I've been stalking this thread (lol) but yeah I have seen that too.. very very sad. I try to stay off of my horse's face as much as possible. I use the leadrope for pressure or cues though I do teach my horse to respond to feel from the halter. But I would NEVER haul on his face without a good reason! I've used a stud chain on a few mares before. Not my idea, but I didn't like what I saw. Some good respect refreshers and groundwork would have helped them out, instead of making them behave via pain on their nose :/ just my opinion though.


----------



## Cacowgirl (Feb 19, 2011)

Congrats on your nice mare. AS she bonds & learns to trust, you should have many happy tmes w/her. Did you do a test-ride? Or a vet check?


----------



## Sinister (Nov 28, 2011)

beverleyy said:


> I've learned this one a few times! I would much rather have a fall off my pony than my horse, thankfully the majority of my falls have been off my pony .....so far!


Haha, yeah same.. but then again all the ponies I've known are...well little devils sometimes :twisted: lol but you have to love ponies


----------



## Sinister (Nov 28, 2011)

Cacowgirl said:


> Congrats on your nice mare. AS she bonds & learns to trust, you should have many happy tmes w/her. Did you do a test-ride? Or a vet check?

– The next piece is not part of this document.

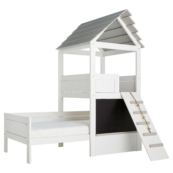 Das LIFETIME Play Tower Bett ist aus massiver astfreier Kiefer hergestellt. Dadurch treten keine Verfärbungen auf, die man von Astlöchern her kennt. Die Oberfläche ist mit einem weißen Möbellack auf Wasserbasis behandelt worden.

I did a test ride, she's not perfect but then again she's extremely green, which is the reason she's for sale. I didn't do a vet check as I'm paying 150 for her. I only do a vet check on horses I pay over a 1000 for, for obvious reasons.  I did look at her teeth, feel her legs, ect. though.


----------



## beverleyy (Oct 26, 2011)

Sinister said:


> Haha, yeah same.. but then again all the ponies I've known are...well little devils sometimes :twisted: lol but you have to love ponies


 
I will always have ponies in my life. My pony mare is probably the sweetest thing ever, and I am sure she knows this because she seems to think it's completely okay for her to get away with anything she pleases. But she's so flipping cute so it's all good:lol:


----------



## Sinister (Nov 28, 2011)

Turns out she can liven up! We showed up today and she saw the trailer and perked up. Then when we got her home all she wanted to do was trot around in the out door LOL. And she was a little pushy and I even put the chain on her after she wouldn't listen to me [too busy gawking at everything] and wouldn't stand. 
Also her new confo thread is located here: http://www.horseforum.com/horse-con...py-mare-confo-image-heavy-110382/#post1321210


----------



## SunnysMum (Jan 22, 2012)

Super duper cute (=
looks like a fun little girl, congrats!


----------



## flyinghooves (Jan 25, 2012)

Get her she's very pretty and looks like a sweety


----------



## Sinister (Nov 28, 2011)

flyinghooves said:


> Get her she's very pretty and looks like a sweety


I did


----------